The House
The House
I waited years for the house to sell. Even then, I had to act through an intermediary. If David's parent's had known that I wanted their old place, they would have burned it down rather than see me get it.
They were like that. They hated my guts. They blamed me for everything about David. They blamed me for turning him gay. They blamed me that he got wanderlust and caught HIV and of course they blamed me when he died. Hell, they didn't even allow me to attend the funeral after I had taken care of him through those two horrible years as he died slowly.
It had been twenty-five years and it still burned,
To be honest I never knew whether they were so galled that their son was gay or that he loved a white trash kid from the wrong side of the tracks.
Didn't matter anyway. The high and mighty Whytes would be spending the rest of their days drooling and wearing a diaper in a nursing home.
It had been a long, hard struggle but I had won. I had finally won.
As I drove up the drive way the memories came flooding back. The pines towered along the front of the property and Lombardy poplars lined the drive. The old two story house with white columns across the front sat outlined by azalea and gardenia bushes with the lake and boat house behind it.
The memory of visiting David out here when we were ten was strong . We had trekked through those woods and skinny dipped in the warm August waters of the lake. It was there in those waters by late summer star light that we had our first kiss. Afterwards, we always had to sneak around but with each new discovery we found ourselves closer and closer. Just like his name, he became my beloved.
I parked by the garage behind the house and entered the house through the kitchen. My kitchen furnishing sat in four boxes in the corner. The house was empty for the most part. It swallowed the furniture I had in my old two bedroom apartment. Everywhere was the smell of fresh paint and in a few places the workmen were still attending to maintenance and repairs that had accumulated as the house sat empty.
The afternoon sun cast long shadows in the big downstairs rooms. I thought long and hard about the furnishings and drapes. Furnishing this great place would be a long term project. My IKEA and Wal-Mart stuff just didn't look right here. I didn't look right in this place but it was mine. After years of toil, struggle and self-denial, I had won despite them telling me that all I would ever be was a bar-tender or a prostitute.

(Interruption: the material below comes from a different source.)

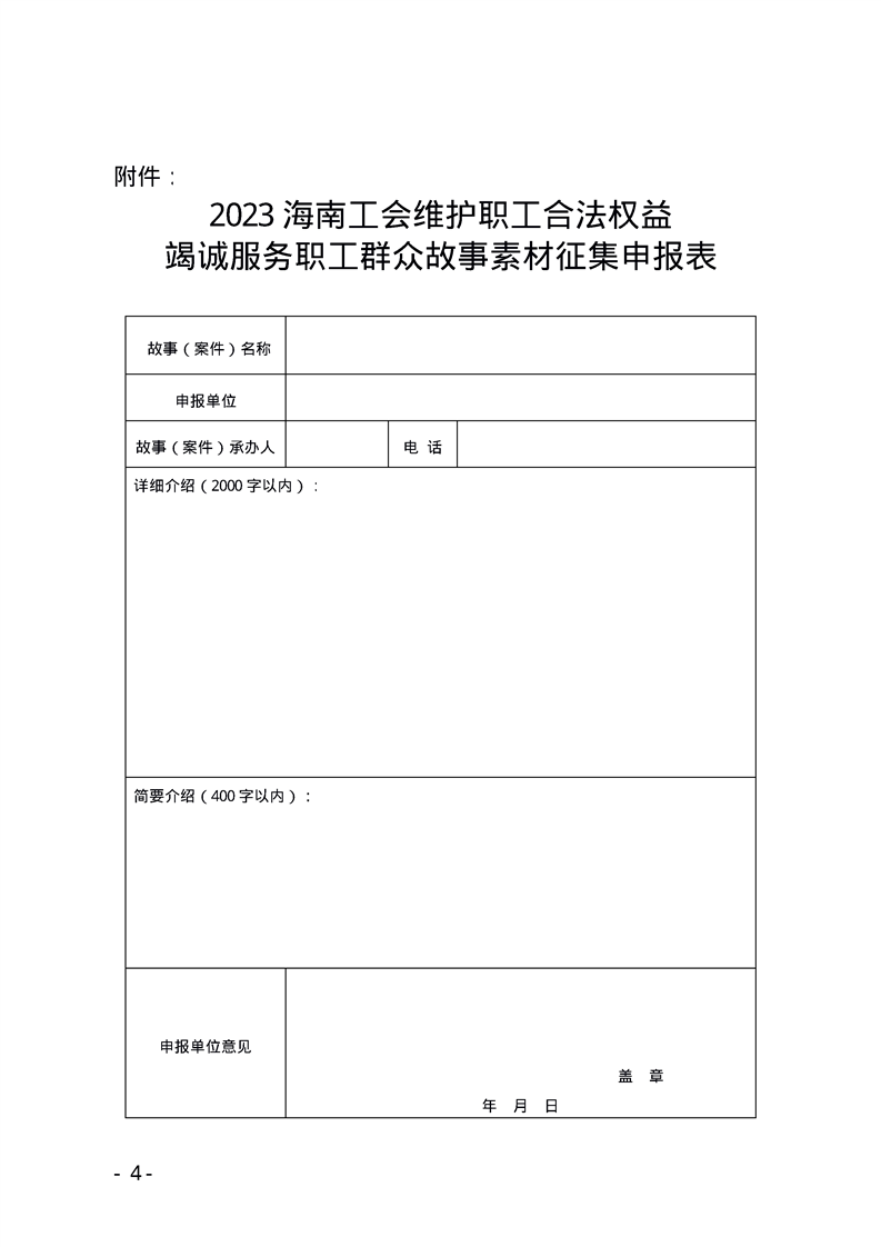 关于征集海南工会维护职工合法权益竭诚服务职工群众故事素材的通知

I passed by the kitchen and grabbed a bottle of champaign that I had chilling and a glass. Bollinger, 1976. It had cost $400 but it was damn well worth it.
I went upstairs to the master bed room. Again my meager belongings were dwarfed by the house. The room was huge. Bigger than the whole apartment that I had lived in for years. I turned on the television and opened the French doors to the balcony overlooking the lake. The smell of pine triggered another memory.
David had just turned sixteen. His parents were in Europe or something. We had a bottle of cheap champaign and made love down there in the boat house.
I sat down in a recliner and took in the view. I popped the cork on the champaign and took a sip. It was sweet and dry. I drank the bottle as the sun set over the lake and the stars came out.
Somewhere along the way I went to sleep.
David came to me in a dream. He looked like he did when we were in our teens.
He said, "What are you doing here?"
"I own it now. It's all mine."
"Oh Jimmy, how could you?"
"What did I do wrong?"
"You didn't move on. Now you are as trapped in this place as I am."
I woke with a start.
Funny how a place so grand could suddenly feel like a prison: cold, dusty and lifeless.
It was a prison that I chose because I could not change. I could not move on. I had to win and now I dwell there with the rest of the ghosts.